DEB-TACE for Hepatocellular Carcinoma (QED)
Patients enrolled in this study have been diagnosed with hepatocellular carcinoma (HCC) and are scheduled to have a procedure called drug-eluting bead trans-arterial chemoembolization (DEB-TACE). During the DEB-TACE procedure, very small beads are mixed in with a chemotherapy drug, doxorubicin, and delivered to the tumor through an arterial catheter.
The DEB-TACE procedure allows the treatment to be delivered directly into the liver. It also causes arterial embolization, the process in which a blood vessel is blocked. Treatment of HCC using DEB-TACE may help delay tumor progression and can downstage (decrease the size) the cancer in order to meet the criteria which may allow patients to become candidates for liver transplantation. The purpose of this study is to compare tumor response and medical outcomes for patients who undergo DEB-TACE with standard endhole catheter versus Surefire® Infusion System.
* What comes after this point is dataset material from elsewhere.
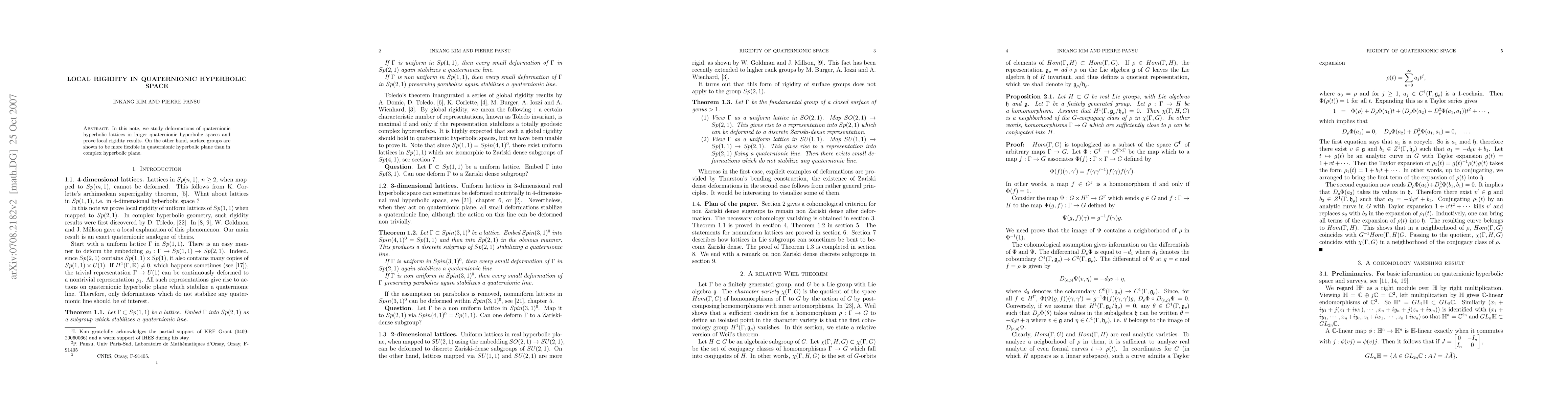 Summary: This paper proves local rigidity for quaternionic hyperbolic lattices and demonstrates that surface groups exhibit greater flexibility in quaternionic hyperbolic space compared to complex hyperbolic space.

|Study Design:||Allocation: Randomized
Intervention Model: Parallel Assignment
Masking: No masking
Primary Purpose: Treatment
|Official Title:||Surefire vs. Endhole for DEB-TACE: Quantifying Hepatic Artery Embolization to Improve Outcomes by Comparing Two Different Catheter Systems for DEB-TACE (QED Study)|
- Objective tumor response [ Time Frame: 1 month following initial DEB-TACE procedure ]
- Objective tumor response [ Time Frame: 3 months following initial DEB-TACE procedure (or 1 month following retreatment if DEB-TACE retreatment performed) ]
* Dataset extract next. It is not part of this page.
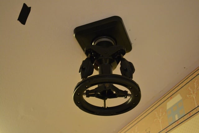 Detach the ceiling plate from the projector plate and proceed to mount the ceiling plate on the ceiling (are you tired of reading the words projector, ceiling, and plate yet?). The mount should come with 4 lag bolts, but most of the time only two are needed if they are properly centered on a ceiling joist. I never fully trust stud finders (especially on textured ceiling), so I recommend poking a small nail or precision screw driver into the ceiling to ensure you found a joist. In some instances there won’t be a joist where you want to mount the ceiling plate. In this case, you will either need to utilize lens shift or mount the plate to a block of wood that’s large enough to span the distance between two joists and secure that block to the ceiling joists (that block can go inside the ceiling if you have attic access). Once the ceiling plate is secured, install any sort of trim ring that came with the mount.

- Dose of doxorubicin-eluting beads used during DEB-TACE procedure(s) [ Time Frame: 3 months following initial DEB-TACE procedure ]
- Contrast dose [ Time Frame: DEB-TACE procedure(s) ]
- Fluoroscopic time [ Time Frame: DEB-TACE procedure(s) ]
- Number of repeat DEB-TACE procedures per lesion [ Time Frame: 3 months following initial DEB-TACE procedure ]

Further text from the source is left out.